## WORK REQUEST:
Below this line is a listing that includes pictures. Copy exactly, and only, the lines from the one containing "The Propeller Console" through the one containing "随着调查深入,检查组依法全面"; the pictures do not go in the copy.

## DATA FOR THE TASK:
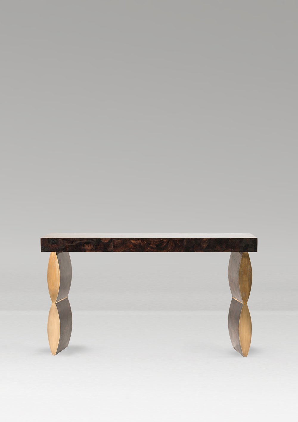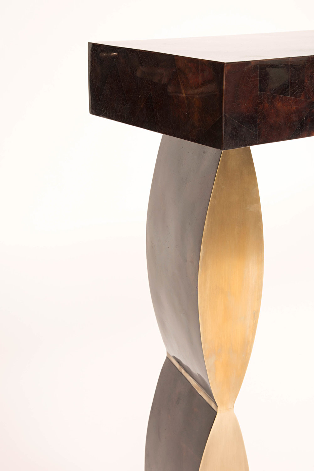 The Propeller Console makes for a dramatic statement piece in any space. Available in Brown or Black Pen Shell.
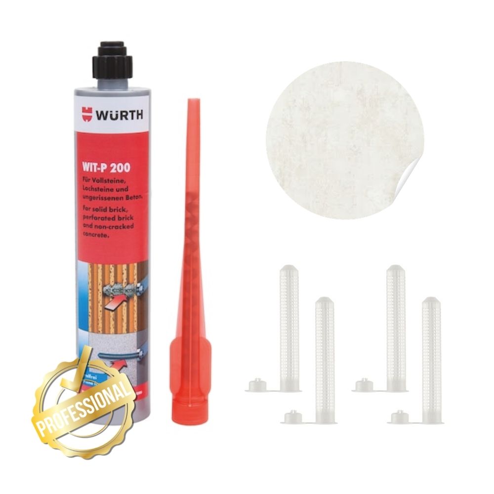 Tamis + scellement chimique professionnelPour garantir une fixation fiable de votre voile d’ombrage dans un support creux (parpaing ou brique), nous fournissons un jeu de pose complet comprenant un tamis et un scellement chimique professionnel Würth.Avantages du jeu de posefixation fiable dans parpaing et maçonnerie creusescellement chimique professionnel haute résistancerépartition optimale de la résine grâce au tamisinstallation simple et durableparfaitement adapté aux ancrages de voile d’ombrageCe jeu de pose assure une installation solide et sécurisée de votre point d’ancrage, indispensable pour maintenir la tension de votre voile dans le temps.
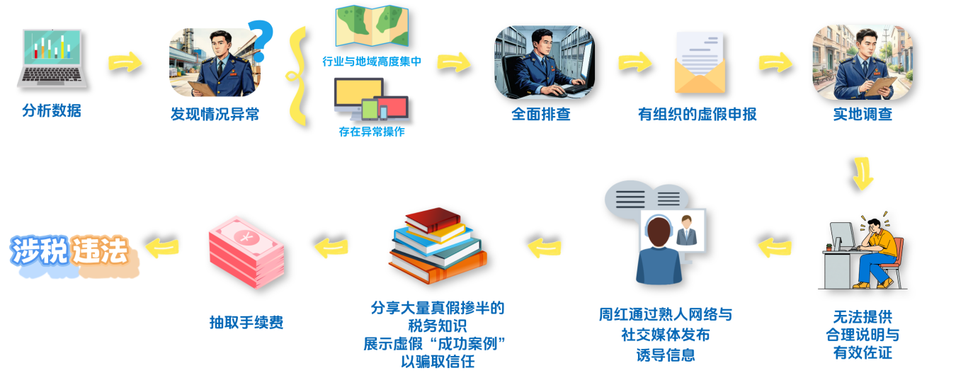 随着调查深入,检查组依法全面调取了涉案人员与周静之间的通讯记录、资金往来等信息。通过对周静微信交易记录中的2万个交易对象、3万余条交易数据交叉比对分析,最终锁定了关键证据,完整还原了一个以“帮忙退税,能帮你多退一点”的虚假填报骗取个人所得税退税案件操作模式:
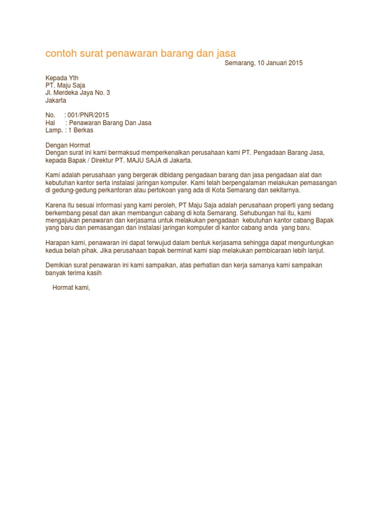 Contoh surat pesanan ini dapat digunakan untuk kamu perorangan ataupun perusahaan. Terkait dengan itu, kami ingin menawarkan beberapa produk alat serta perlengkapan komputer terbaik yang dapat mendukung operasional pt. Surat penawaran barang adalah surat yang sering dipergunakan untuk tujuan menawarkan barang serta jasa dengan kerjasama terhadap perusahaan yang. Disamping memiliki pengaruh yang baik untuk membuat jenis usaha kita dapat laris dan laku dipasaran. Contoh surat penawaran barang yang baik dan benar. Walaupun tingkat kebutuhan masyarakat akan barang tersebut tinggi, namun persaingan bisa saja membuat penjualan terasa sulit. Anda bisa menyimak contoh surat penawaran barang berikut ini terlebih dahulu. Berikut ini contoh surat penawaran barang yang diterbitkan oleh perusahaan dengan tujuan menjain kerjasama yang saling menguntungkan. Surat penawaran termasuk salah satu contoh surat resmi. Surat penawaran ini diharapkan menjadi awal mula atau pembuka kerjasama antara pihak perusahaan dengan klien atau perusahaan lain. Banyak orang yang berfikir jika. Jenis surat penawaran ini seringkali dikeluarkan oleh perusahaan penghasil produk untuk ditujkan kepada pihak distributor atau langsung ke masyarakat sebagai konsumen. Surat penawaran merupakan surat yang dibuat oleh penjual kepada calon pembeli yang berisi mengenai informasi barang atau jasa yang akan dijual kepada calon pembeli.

* * *

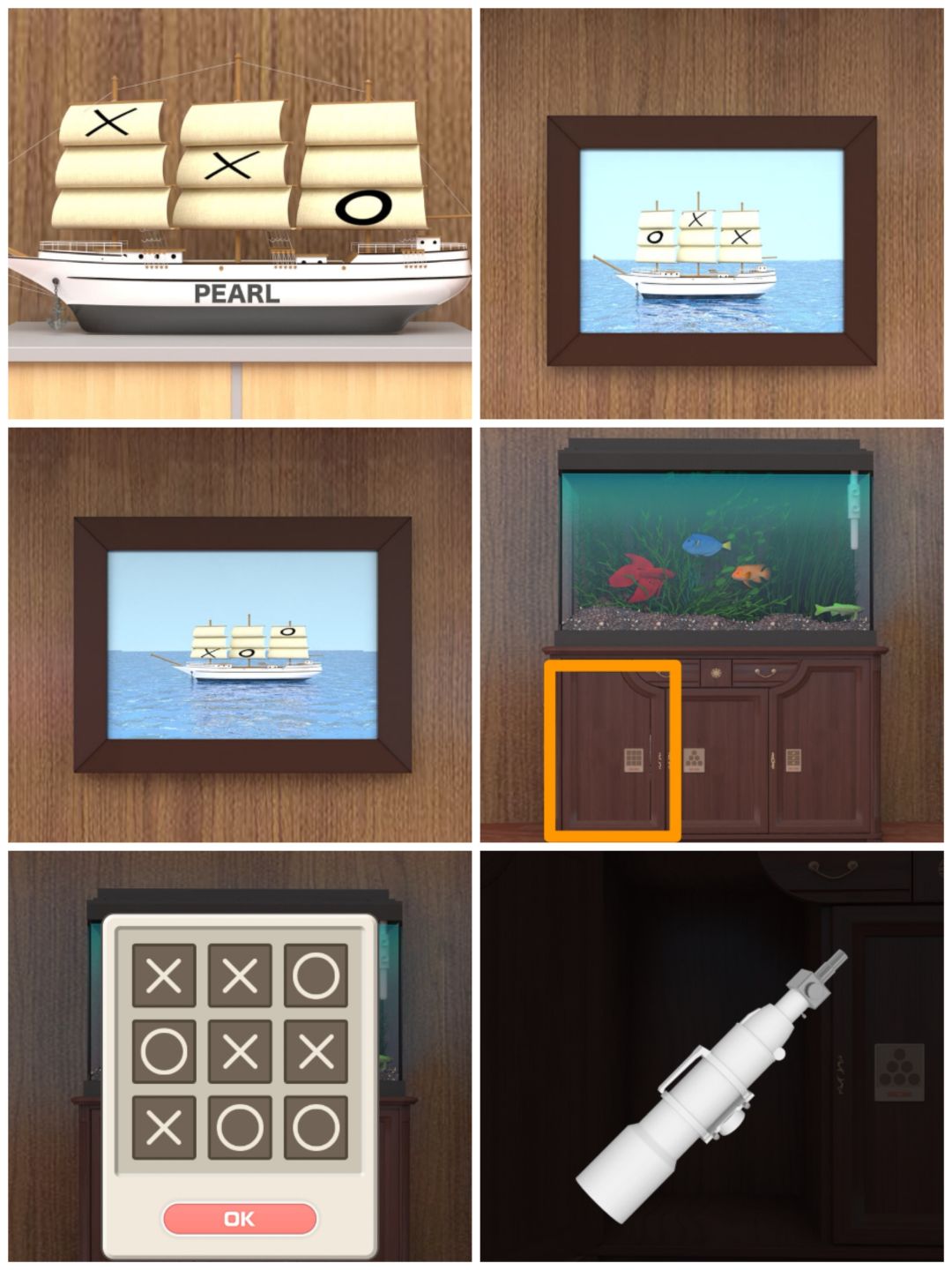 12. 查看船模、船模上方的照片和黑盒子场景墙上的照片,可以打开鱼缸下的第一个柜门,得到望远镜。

...

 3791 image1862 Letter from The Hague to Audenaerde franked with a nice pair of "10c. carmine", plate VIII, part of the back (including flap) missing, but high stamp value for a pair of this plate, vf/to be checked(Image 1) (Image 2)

## TASK ANSWER:
 The Propeller Console makes for a dramatic statement piece in any space. Available in Brown or Black Pen Shell.
 Tamis + scellement chimique professionnelPour garantir une fixation fiable de votre voile d’ombrage dans un support creux (parpaing ou brique), nous fournissons un jeu de pose complet comprenant un tamis et un scellement chimique professionnel Würth.Avantages du jeu de posefixation fiable dans parpaing et maçonnerie creusescellement chimique professionnel haute résistancerépartition optimale de la résine grâce au tamisinstallation simple et durableparfaitement adapté aux ancrages de voile d’ombrageCe jeu de pose assure une installation solide et sécurisée de votre point d’ancrage, indispensable pour maintenir la tension de votre voile dans le temps.
 随着调查深入,检查组依法全面调取了涉案人员与周静之间的通讯记录、资金往来等信息。通过对周静微信交易记录中的2万个交易对象、3万余条交易数据交叉比对分析,最终锁定了关键证据,完整还原了一个以“帮忙退税,能帮你多退一点”的虚假填报骗取个人所得税退税案件操作模式:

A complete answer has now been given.